In their natural state, according to Hobbes, men are approximately equal in strength, mental capacity, and experience, and everyone has an equal right to everything. If they were without government, the conflict arising from their desires, their distrust, and their ambition would lead to a state of war of every man against every man. In such a state there would be no property, no justice or injustice, and life would be “solitary, poor, nasty, brutish and short.” Fortunately, both passion (in the form of fear of death, desire for a long and reasonably pleasant life, and hope of achieving it) and reason (in the form of knowledge of the articles of peace in the form of the laws of nature) combine to provide a basis for the establishment of civil society and escape from universal strife.
The first law of nature is to seek the peace and follow it. The second, a necessary means to the first, isthat a man be willing, when others are so too, as farre-forth as for Peace and defence of himself he shall think it necessary, to lay down this [natural] right to all things; and be contented with so much liberty against other men as he would allow other men against himselfe.

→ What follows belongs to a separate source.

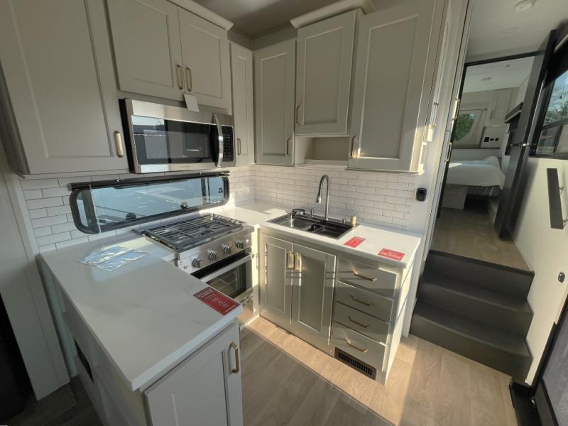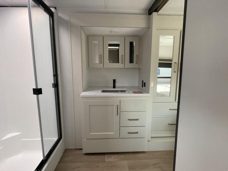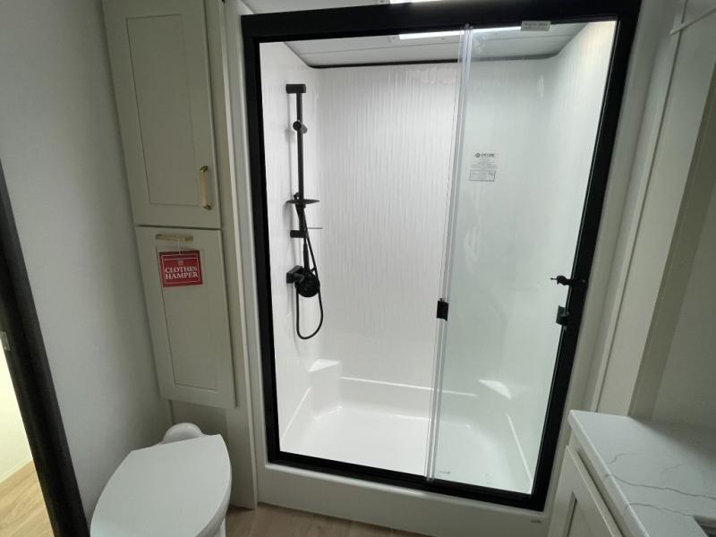 Enjoy smoother, safer travel with the MORryde CRE3000 suspension system, and appreciate the thoughtful details like Keyed-Alike locks, SolidStep entry steps, slam-latch baggage doors, and nightstands with built-in USB ports. Add in a tankless water heater for endless hot showers and premium roller shades for privacy, and you’ve got a fifth wheel that checks every box.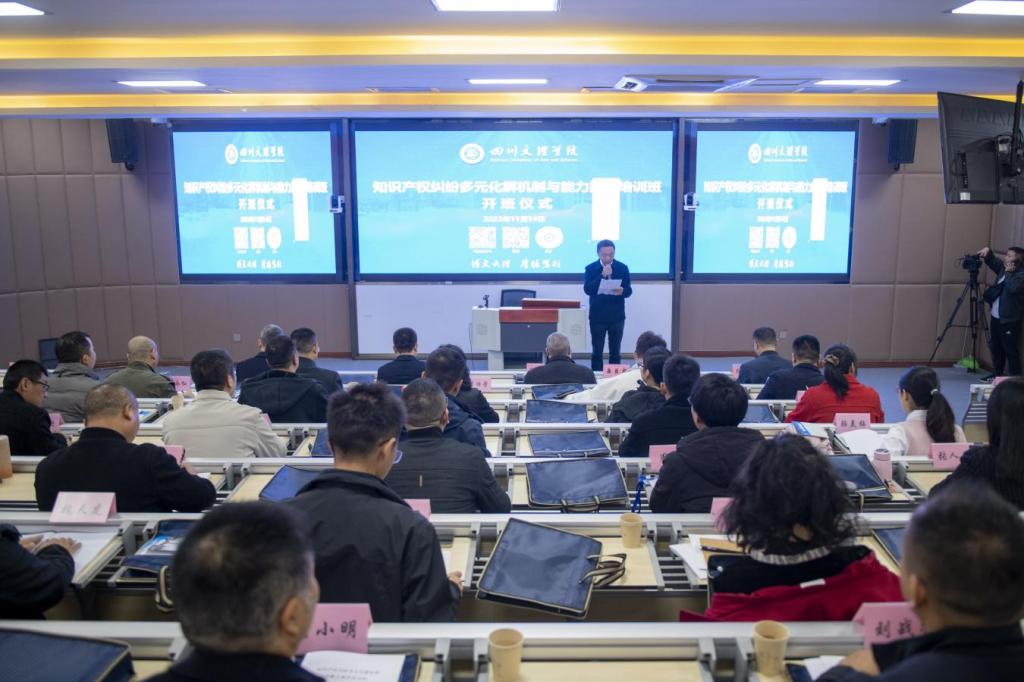 11月14日,知识产权纠纷多元化解机制与能力提升培训班开班式在beat365举行。副校长徐晓宗致辞,达州市市场监督管理局党组成员、副局长郑渠讲话,政法学院、知识产权学院院长刘长江参加开班式。政法学院、知识产权学院党委书记岳臣忠主持开班式。

This is to be done by making contracts with others. A necessary condition for the operation of the second law of nature is that men perform their contracts, which is the third law of nature. For contracts to be valid, it is necessary, in turn, that a sovereign power be established who will make it more painful to commit injustice, which is the breaking of a contract, than to live justly, which is the keeping of contracts. Contracts without the sword, Hobbes reminds us, are only words that guarantee no security. The first three laws of nature, then, combined with the nature of man as a complex set of particles moving in accordance with various sets of laws—not only strictly mechanical laws but also what might be called egoistic and hedonistic laws—are the source of society, sovereignty, and justice.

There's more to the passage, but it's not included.